The Gorsuch Entities contend they were intended third-party beneficiaries of the Credit Agreement and were not subject to a clause precluding third-party beneficiaries from bringing suit. The district court disagreed and dismissed them from the litigation. After Gorsuch, Ltd. and Wells Fargo proceeded to arbitration, Gorsuch Cooper and Gorsuch, Limited at Aspen (Gorsuch Cooper and Aspen) sought to amend the complaint to add additional tort claims. The district court determined (1) Gorsuch Cooper and Aspen were no longer parties, and (2) they had not shown good cause to amend after the deadline established in the scheduling order. It denied the motion. On appeal, the Gorsuch Entities challenge the order dismissing them from the case. Gorsuch Cooper and Aspen appeal the denial of their motion to amend the complaint.2

Exercising jurisdiction under 28 U.S.C. § 1291, we affirm the district court.

I. BACKGROUND
A. Factual History

Renie and David Gorsuch founded Gorsuch, Ltd. in 1962. They subsequently formed Gorsuch, Ltd., B.C.; Gorsuch, Limited at Aspen; and Gorsuch, Limited at Keystone Mountain to operate additional retail stores, and formed Gorsuch Cooper to own the property from which Gorsuch, Limited at Aspen conducts its operations. The Gorsuches and their three sons own all of the Gorsuch Businesses.

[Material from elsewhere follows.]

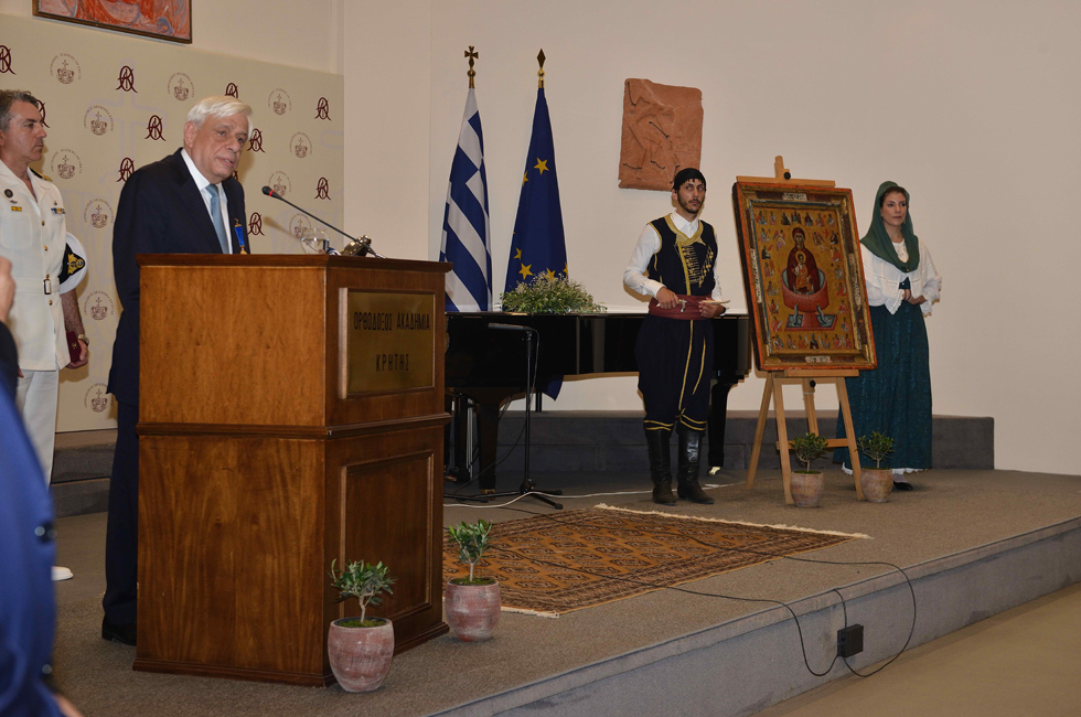 Όπως χαρακτηριστικά δήλωσε ο κ. Παυλόπουλος: «Κλείνω, αναλογιζόμενος και αναγνωρίζοντας, ειλικρινώς και ευθαρσώς –όπως κάνει, άλλωστε, και η συντριπτική πλειοψηφία του Λαού μας– την καθοριστική συμβολή της Ορθόδοξης Εκκλησίας στους μεγάλους Αγώνες του Λαού μας και του Έθνους μας. Συνακόλουθα δε την καθοριστική συμβολή της στην υπεράσπιση της Ιστορίας μας και της Πατρίδας μας. Το Εθνικό, κυριολεκτικώς, τούτο χρέος οφείλουμε να το εκπληρώνουμε με συνέπεια πολύ περισσότερο σήμερα, ενόψει των μεγάλων προκλήσεων που βρίσκονται μπροστά μας, και οι οποίες θα καθορίσουν, τελικώς, την ευόδωση του Ιστορικού μας προορισμού. Η Ορθόδοξος Ακαδημία Κρήτης το πράττει στο ακέραιο και της είμαστε όλοι οι Έλληνες ευγνώμονες γι’ αυτό. Έχω αίσθηση του καθήκοντός μου και της ιστορικής μου ευθύνης να υποστηρίξω ολόψυχα και με όλες μου τις δυνάμεις το λαμπρό έργο που επιτελεί».

The Gorsuch Businesses are separate legal entities, but their finances and operations are intermingled. Wells Fargo and its predecessors, United Bank of Denver and Norwest Bank, provided credit to Gorsuch, Ltd. for over 40 years. Wells Fargo was aware Gorsuch, Ltd. allocated capital to the Gorsuch Entities, and considered the aggregate operations of the Gorsuch Businesses when it calculated loans and security throughout the lending relationship.

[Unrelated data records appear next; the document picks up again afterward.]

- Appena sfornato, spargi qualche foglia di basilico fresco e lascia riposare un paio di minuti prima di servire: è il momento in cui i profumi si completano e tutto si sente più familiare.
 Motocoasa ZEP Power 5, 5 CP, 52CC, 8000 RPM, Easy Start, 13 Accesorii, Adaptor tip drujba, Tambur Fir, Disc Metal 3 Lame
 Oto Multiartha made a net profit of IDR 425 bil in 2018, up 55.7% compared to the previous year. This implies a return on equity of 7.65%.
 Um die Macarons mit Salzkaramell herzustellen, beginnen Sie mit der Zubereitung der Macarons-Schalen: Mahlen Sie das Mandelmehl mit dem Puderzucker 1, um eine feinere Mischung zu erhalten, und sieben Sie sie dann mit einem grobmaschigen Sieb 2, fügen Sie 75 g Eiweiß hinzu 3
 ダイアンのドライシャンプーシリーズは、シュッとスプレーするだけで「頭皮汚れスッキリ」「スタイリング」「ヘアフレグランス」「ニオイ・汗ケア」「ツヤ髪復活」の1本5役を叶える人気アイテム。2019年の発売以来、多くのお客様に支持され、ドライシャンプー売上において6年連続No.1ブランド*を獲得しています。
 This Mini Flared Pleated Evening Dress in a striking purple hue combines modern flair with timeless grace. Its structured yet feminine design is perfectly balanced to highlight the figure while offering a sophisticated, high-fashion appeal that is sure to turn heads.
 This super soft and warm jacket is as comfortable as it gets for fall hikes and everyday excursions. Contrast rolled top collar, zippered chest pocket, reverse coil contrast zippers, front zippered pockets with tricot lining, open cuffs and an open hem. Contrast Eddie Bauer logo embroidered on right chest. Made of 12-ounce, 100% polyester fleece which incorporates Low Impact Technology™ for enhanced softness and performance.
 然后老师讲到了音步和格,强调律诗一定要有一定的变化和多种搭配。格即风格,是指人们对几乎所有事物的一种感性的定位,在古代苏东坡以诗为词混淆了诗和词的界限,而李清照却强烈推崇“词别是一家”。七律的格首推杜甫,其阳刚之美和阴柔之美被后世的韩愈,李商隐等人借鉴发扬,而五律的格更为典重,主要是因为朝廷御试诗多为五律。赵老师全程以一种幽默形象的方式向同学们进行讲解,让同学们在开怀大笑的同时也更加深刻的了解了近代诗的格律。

On October 31, 2008, Gorsuch, Ltd. and Wells Fargo entered into a Credit Agreement through which Wells Fargo extended a $14 million line of credit to “finance Borrower's working capital requirements.” App. at 63. Section 7.6—the No Third Party Beneficiaries provision (“NTPB”) at issue in this litigation—precluded any recognition of third-party beneficiaries or their claims. The NTPB provision specified the Credit Agreement

is made and entered into for the sole protection and benefit of the parties hereto and their respective permitted successors and assigns, and no other person or entity shall be a third party beneficiary of, or have any direct or indirect cause of action or claim in connection with, this Agreement or any other of the Loan Documents to which it is not a party.

Id. at 76. Gorsuch, Ltd. and Wells Fargo signed the Credit Agreement, and the Gorsuch Entities signed as guarantors.

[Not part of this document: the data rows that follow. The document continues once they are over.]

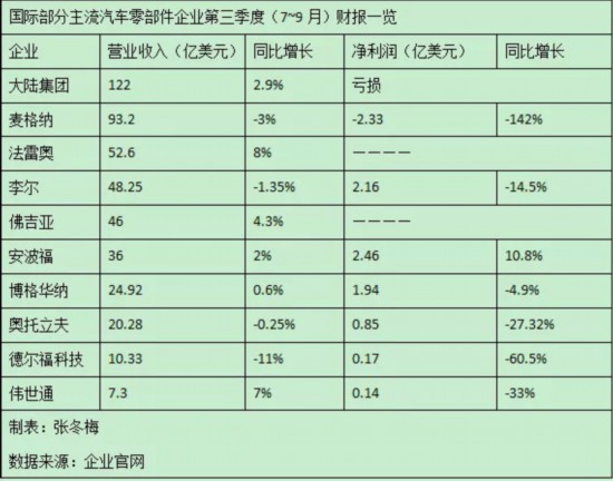 在汽車行業(yè)陰霾加重和裁員風(fēng)波的抗議聲中,近日,大陸集團(tuán)、麥格納、電裝、愛(ài)信精機(jī)、佛吉亞、法雷奧等多家跨國(guó)汽車零部件巨頭陸續(xù)公布了第三季度(7~9月)財(cái)報(bào)。全球汽車經(jīng)濟(jì)低迷的巨大壓力,懸而未決的貿(mào)易沖突,再加上9月中旬開(kāi)始的通用汽車工人大罷工等,讓汽車產(chǎn)業(yè)上游供應(yīng)鏈雪上加霜。大多數(shù)供應(yīng)商出現(xiàn)了營(yíng)收或利潤(rùn)下滑,并伴隨著裁員、削減成本、下調(diào)全年預(yù)期等。
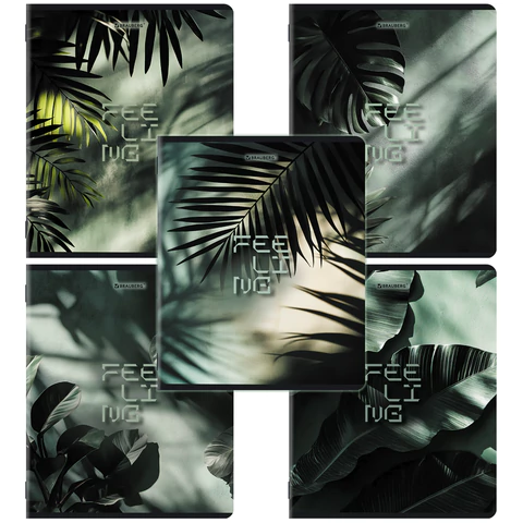 Тетради ДЭК А5 48 л. КОМПЛЕКТ 5 шт. BRAUBERG скоба, клетка, матовая ламинация, TROPICAL, 404956
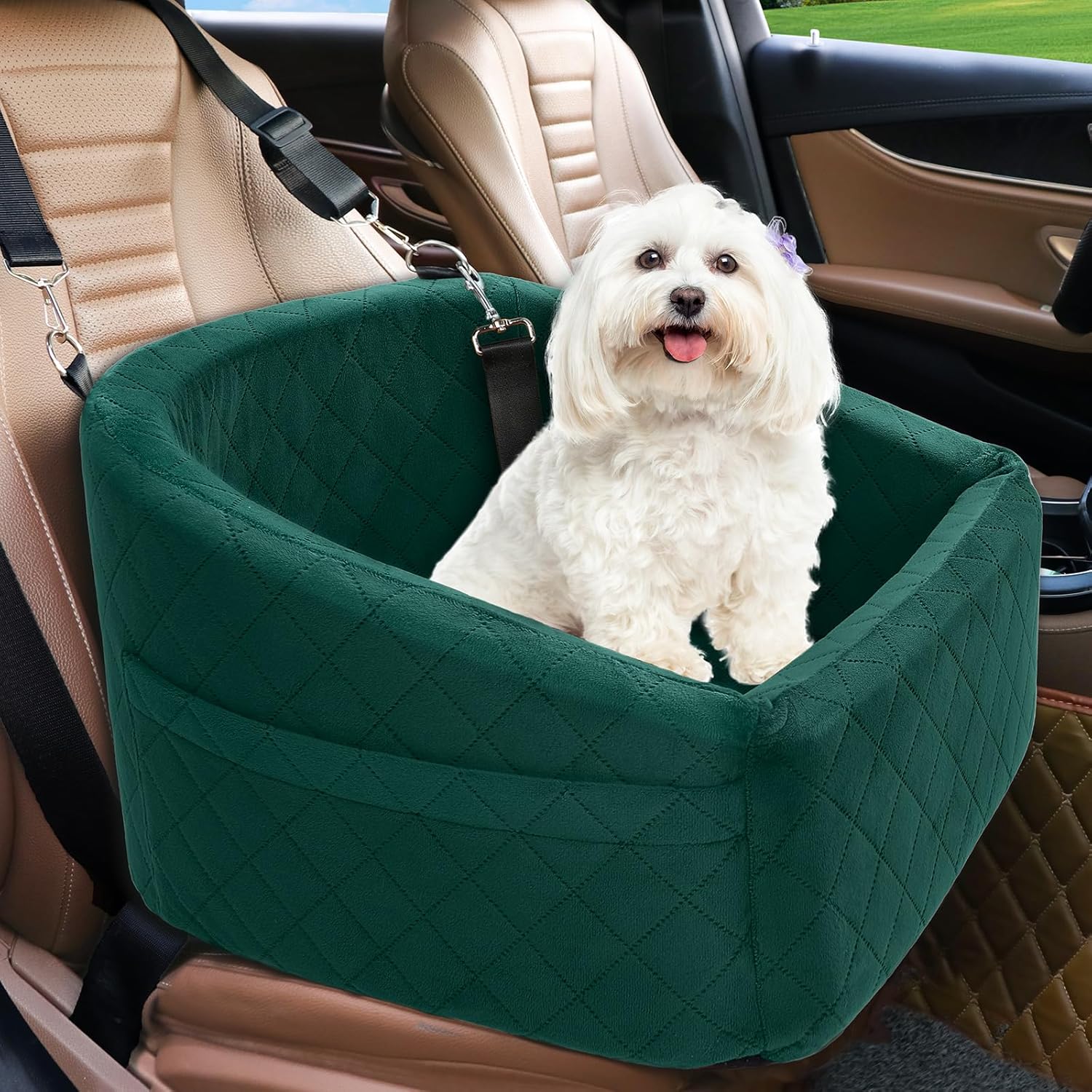 - Keep Your Pet Safe: This dog car seat can be secured with the car seat belt and headrest belt to prevent movement ,plus use the included safety leash to fasten to your dog's harness,no more worrying about the safety of your puppy while driving
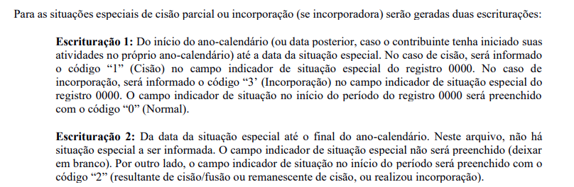 O que é uma situação especial, e como deve ser entregue as declarações ECD e ECF.
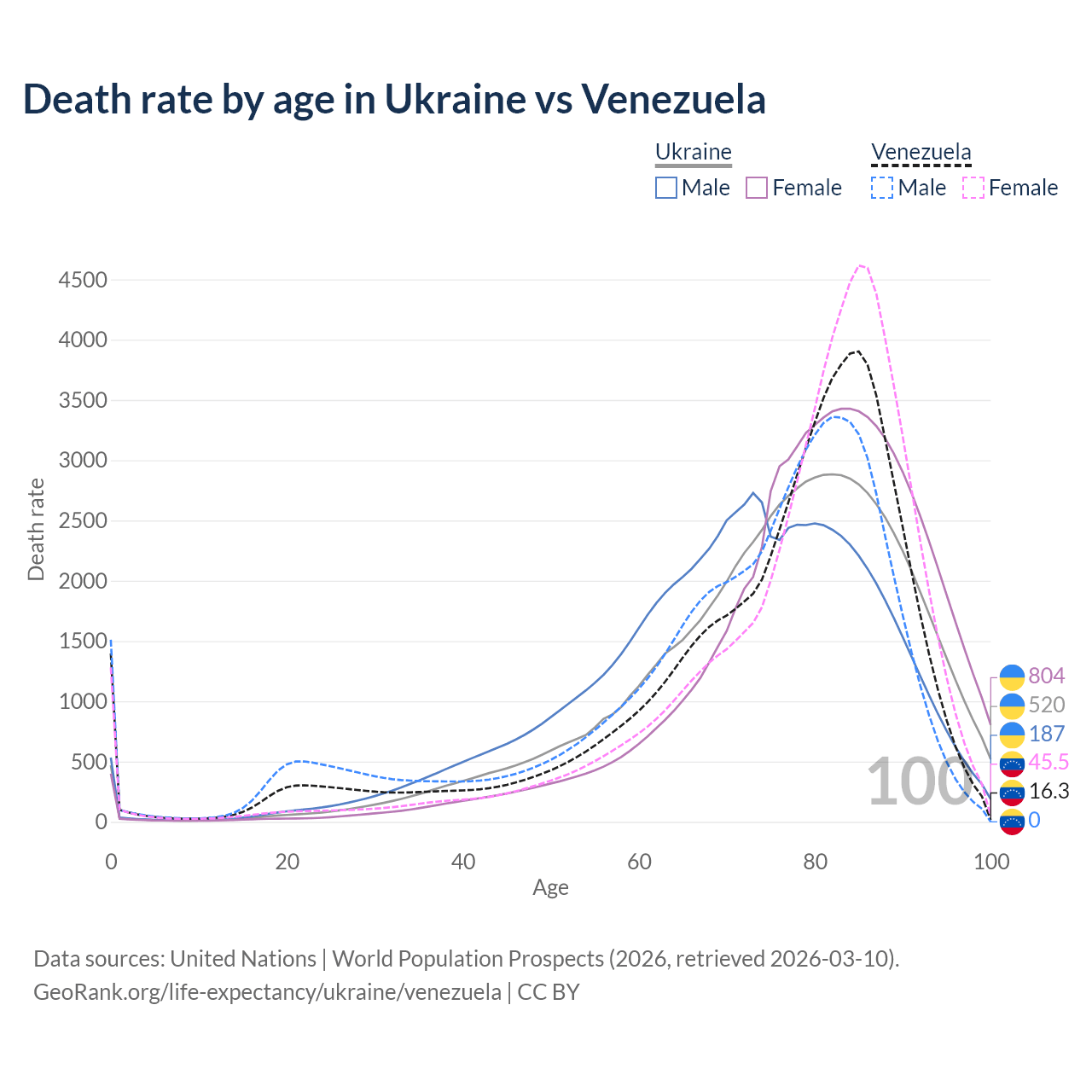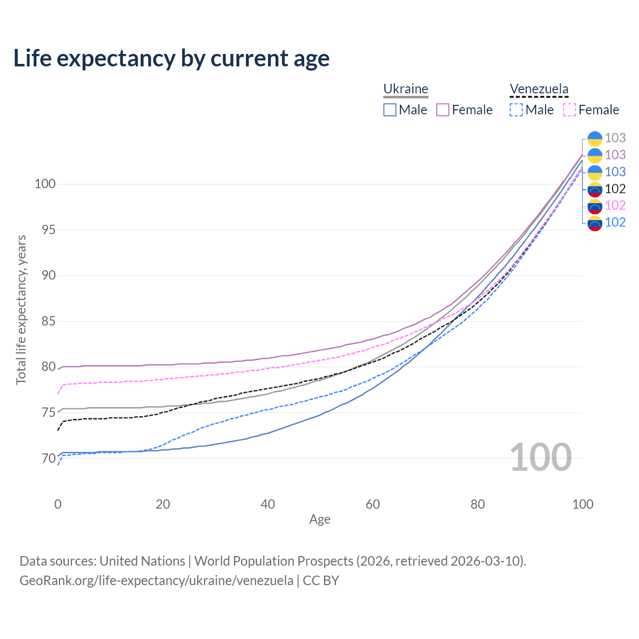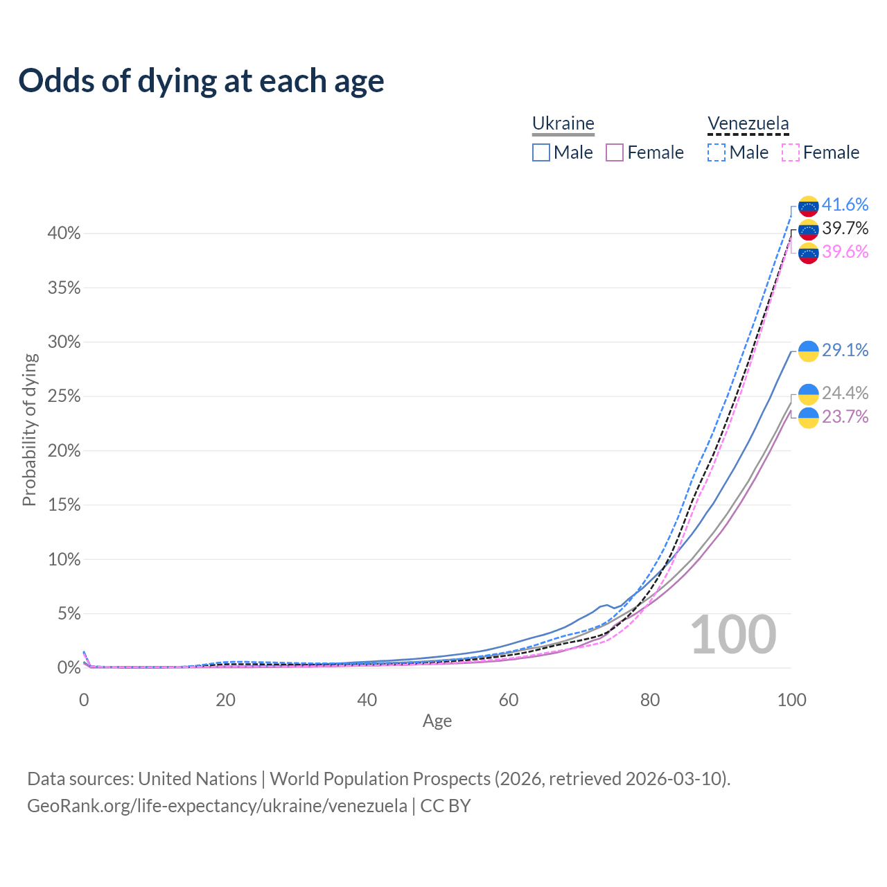 This life expectancy calculator shows the odds of living to 100, 95, 90, and below based on current age for both males and females in Ukraine and Venezuela, along with mean and median age of death. The calculations are based on the 2026 life tables (actuarial tables) from the UN World Population Prospects.

On January 6, 2009, Gorsuch, Ltd. notified Wells Fargo that the economic recession and poor snowfall had significantly weakened peak season sales. Wells Fargo suspended access to the line of credit on January 23, 2009. On August 31, 2009, Wells Fargo accelerated the line of credit and past loans, and declared all payments immediately due with interest.

B. Procedural History

On March 23, 2011, the Gorsuch Businesses commenced litigation in Colorado state court, which Wells Fargo removed to federal court.3 Gorsuch, Ltd. alleged breach of contract, breach of the covenant of good faith and fair dealing, and fraudulent inducement. The Gorsuch Entities asserted third-party beneficiary claims. Wells Fargo moved to dismiss the Gorsuch Entities' third-party beneficiary claims under Rule 12(b)(6) and to compel arbitration of Gorsuch, Ltd.'s claims. In the scheduling order, the magistrate judge set a deadline of July 12, 2011 for any amendments to the pleadings.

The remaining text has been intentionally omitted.